Medicines Regulations 1984

37 Safety containers

(1)

No person shall sell any tablet, or other single item in solid form that is intended to be taken orally, being or comprising a medicine or belonging to a class of medicines to which this regulation applies, unless the tablet or item is enclosed in a safety container.

(2)

Subclause (1) shall not apply—

(a)

where an authorised prescriber directs, either on the prescription or otherwise,—

(i)

that a medicine is not to be sold enclosed in a safety container; or

(ii)

that he or she does not wish the name of the medicine to appear on the label; or

(b)

where a pharmacist is of the opinion that, because of the age or infirmity of a particular person, a medicine to be used by that person should not be enclosed in a safety container; or

(c)

in the case of capsules, pills, powder, or other solid dose forms, prepared in a pharmacy with reference to the particular needs of a patient.

(3)

[Revoked]

(4)

This regulation applies to the following medicines:

aspirin, and its salts; and medicines containing aspirin or its salts:

iron, in medicines for human use containing more than 24 milligrams of elemental iron per dose:

paracetamol; and medicines containing paracetamol.

(5)

This regulation applies to the following classes of medicines:

barbiturates:

phenothiazine, and derivatives of phenothiazine and their salts, except dimethothiazine, methdilazine, promethazine, and trimeprazine, and their salts and molecular compounds:

tricyclic, tetracyclic, and analogous antidepressants.
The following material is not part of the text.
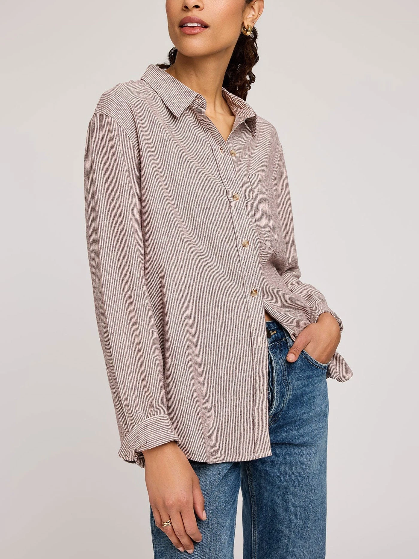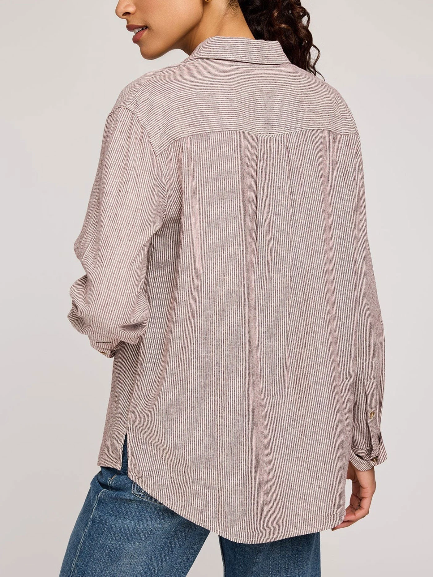 The Arabella summary down shirt is made of a linen blend fabric in a yarn-dyed stripe. Features include a patch pocket and side slits. Wear it summaryed up or worn open as a light layering piece.

Regulation 37(2)(a): amended, on 1 October 2005, by regulation 7 of the Medicines Amendment Regulations 2005 (SR 2005/255).

Regulation 37(2)(a)(ii): amended, on 11 October 2001, by regulation 9(b) of the Medicines Amendment Regulations 2001 (SR 2001/232).

Regulation 37(3): revoked, on 1 August 2011, by regulation 13 of the Medicines Amendment Regulations 2011 (SR 2011/245).